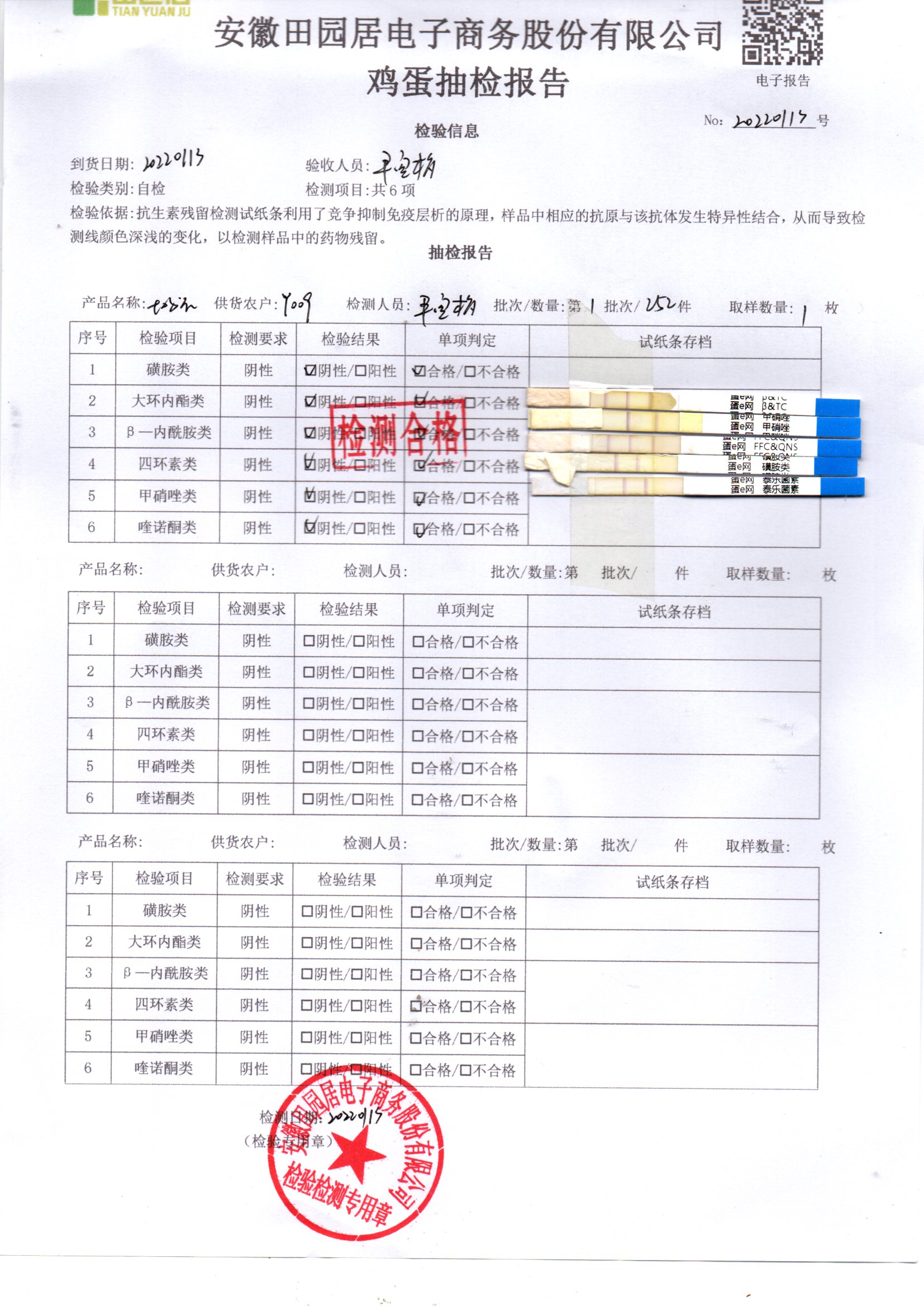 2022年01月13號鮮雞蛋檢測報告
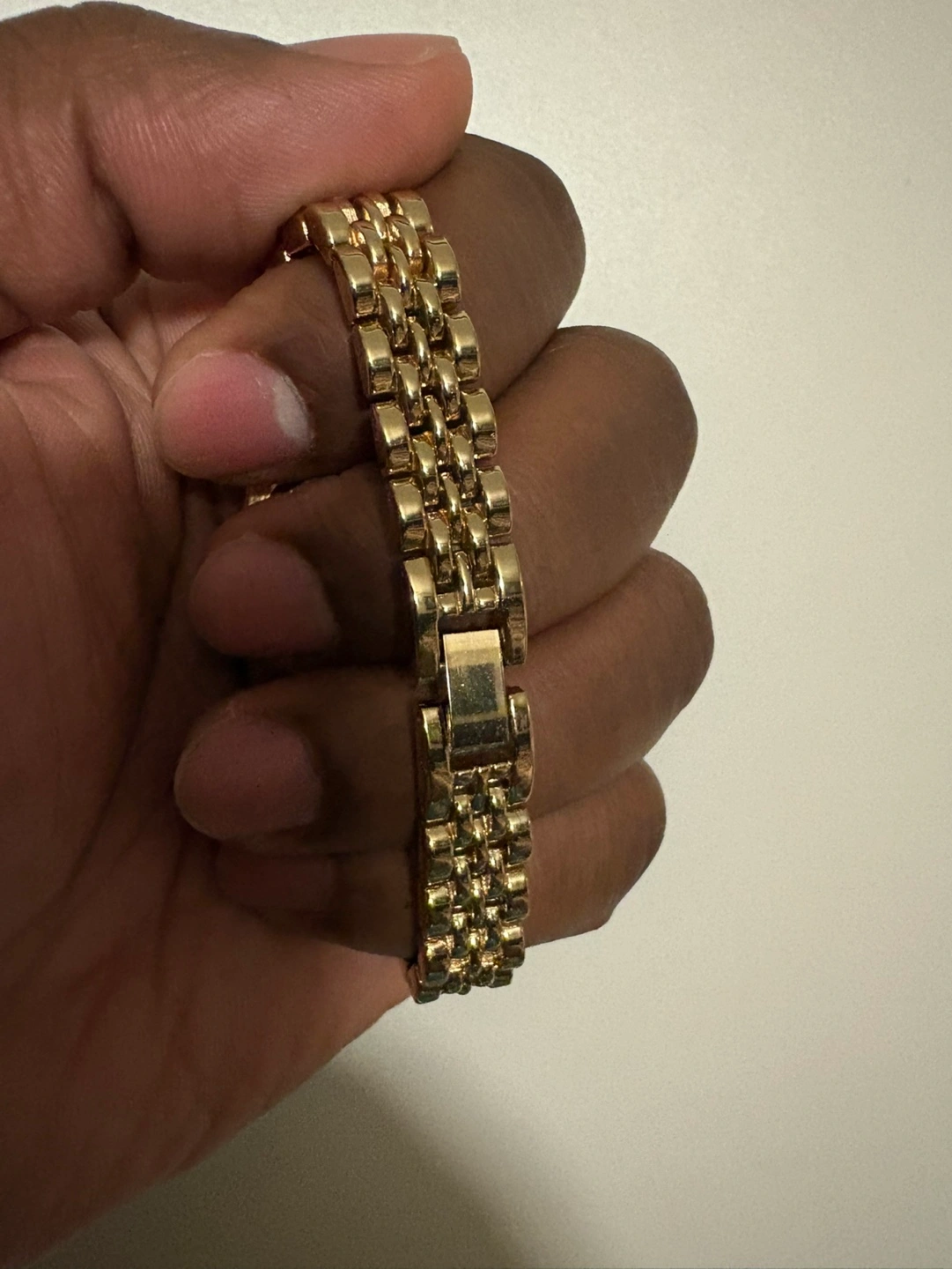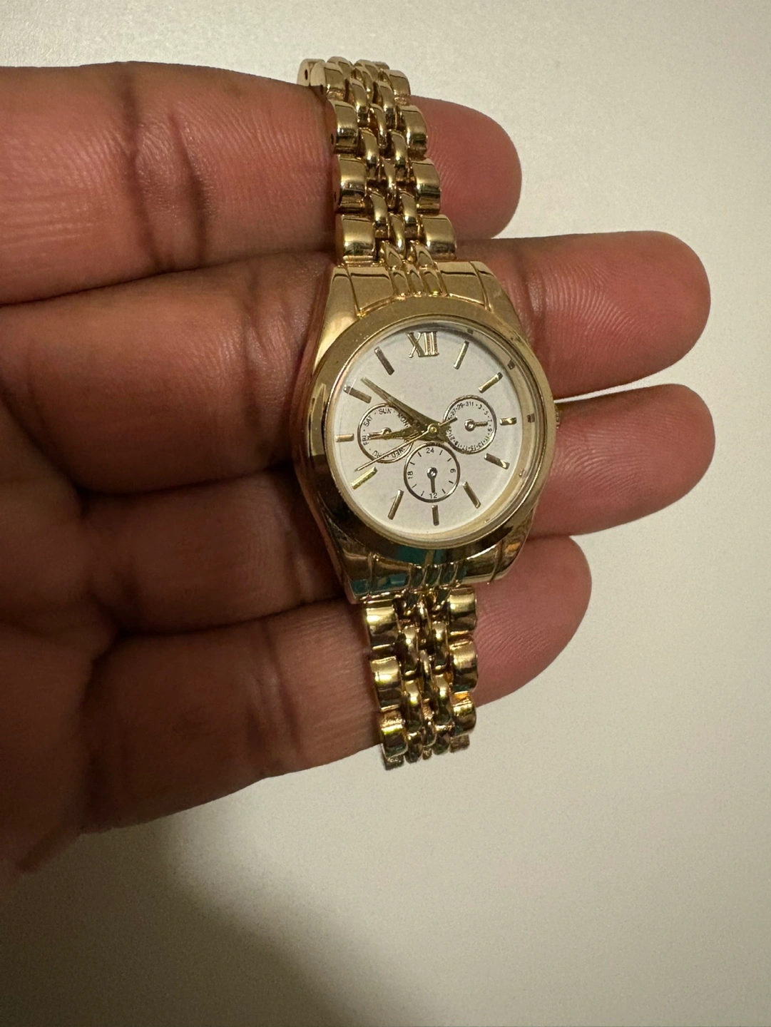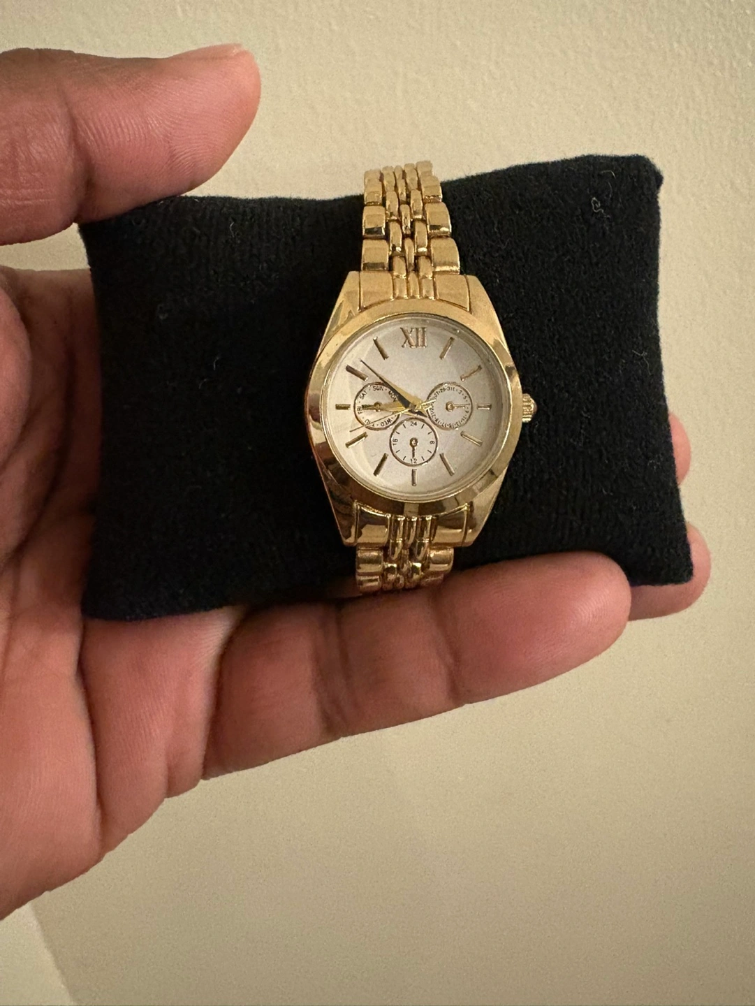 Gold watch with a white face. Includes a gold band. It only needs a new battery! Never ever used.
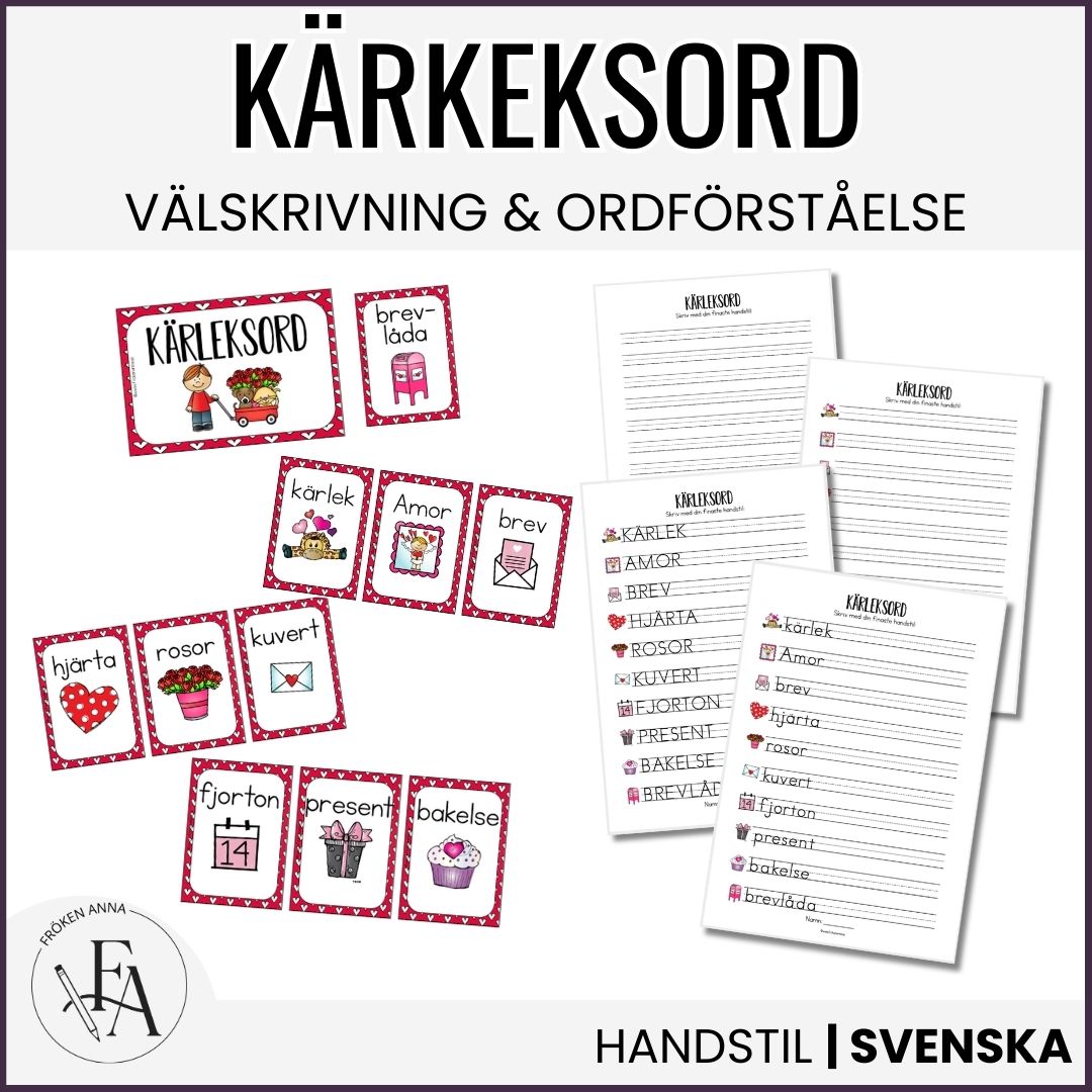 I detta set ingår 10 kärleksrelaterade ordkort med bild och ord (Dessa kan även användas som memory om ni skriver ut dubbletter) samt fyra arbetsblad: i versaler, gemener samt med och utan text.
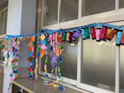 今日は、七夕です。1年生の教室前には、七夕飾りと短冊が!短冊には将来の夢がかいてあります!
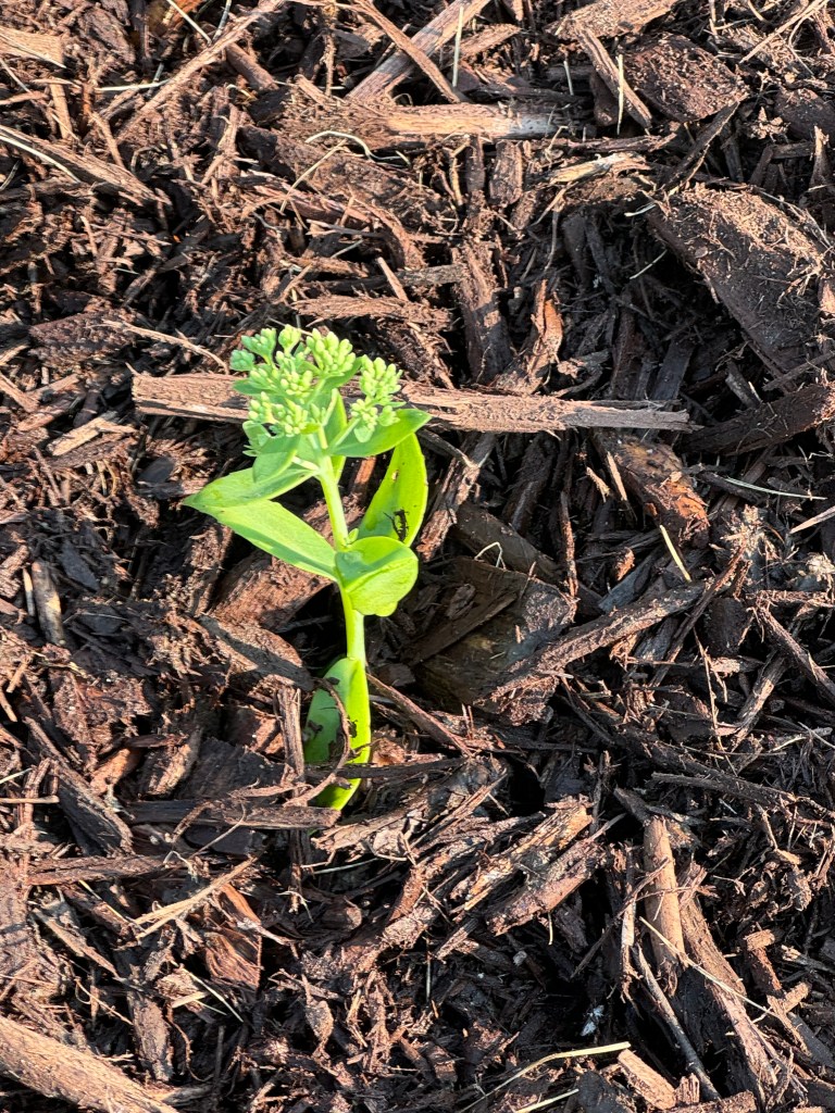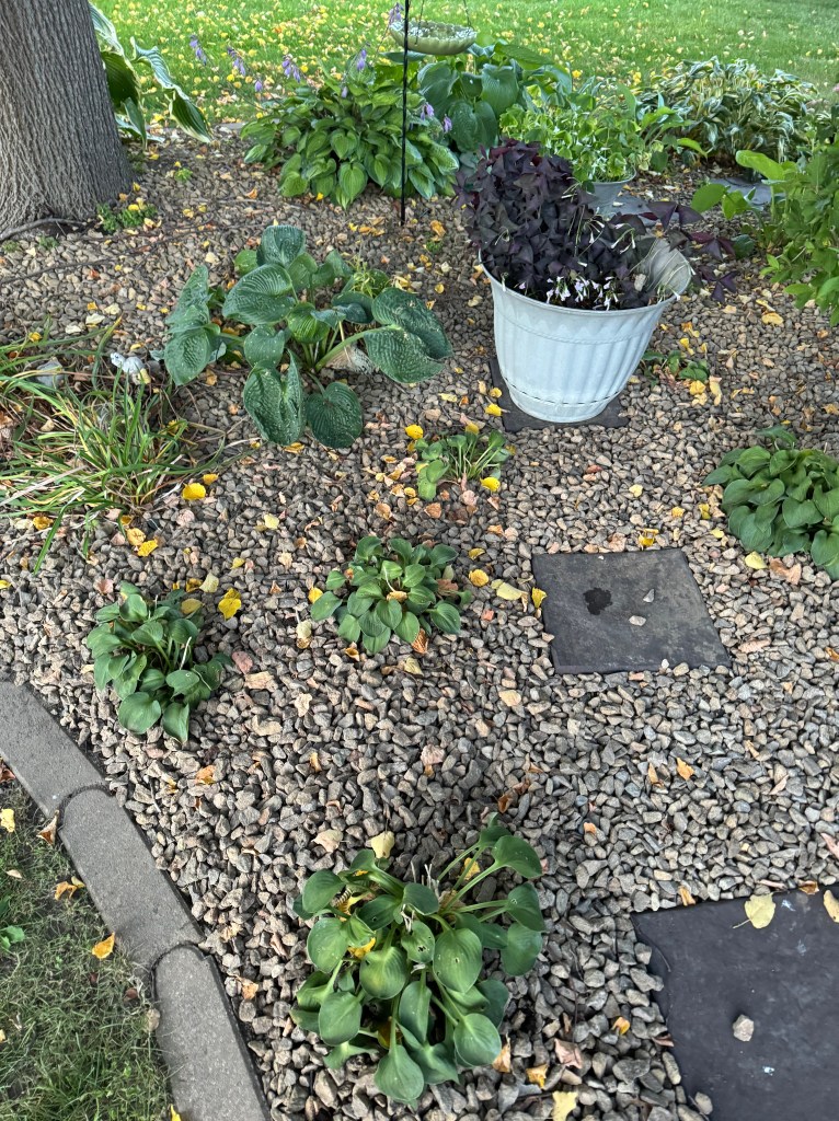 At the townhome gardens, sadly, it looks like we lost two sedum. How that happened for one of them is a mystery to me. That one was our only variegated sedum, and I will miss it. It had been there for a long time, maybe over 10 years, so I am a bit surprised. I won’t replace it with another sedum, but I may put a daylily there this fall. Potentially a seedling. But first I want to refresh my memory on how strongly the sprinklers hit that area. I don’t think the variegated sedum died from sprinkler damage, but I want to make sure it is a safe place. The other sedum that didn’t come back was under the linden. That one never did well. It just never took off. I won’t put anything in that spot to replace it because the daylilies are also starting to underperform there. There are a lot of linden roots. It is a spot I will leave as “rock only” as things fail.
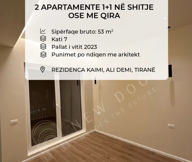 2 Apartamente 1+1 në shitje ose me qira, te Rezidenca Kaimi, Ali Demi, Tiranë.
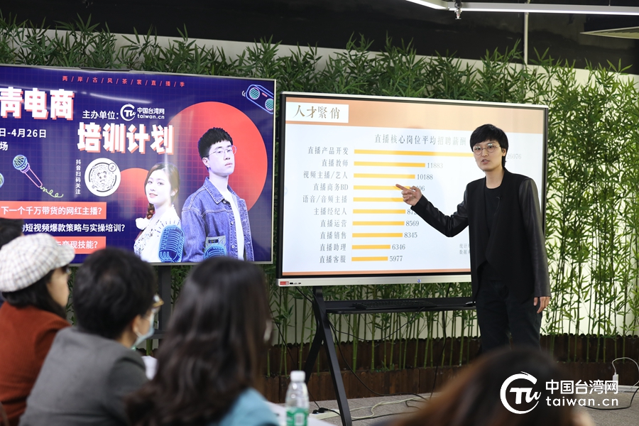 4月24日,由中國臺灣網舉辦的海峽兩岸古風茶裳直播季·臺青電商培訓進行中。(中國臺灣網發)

☆ ☆ ☆ ☆

__Your task__.
Your output must consist only of the lines from the line with "2 Apartamente 1+1" through the final line of the data, both included, reproduced exactly and free of pictures.

__Result of the task__.
 2 Apartamente 1+1 në shitje ose me qira, te Rezidenca Kaimi, Ali Demi, Tiranë.
 4月24日,由中國臺灣網舉辦的海峽兩岸古風茶裳直播季·臺青電商培訓進行中。(中國臺灣網發)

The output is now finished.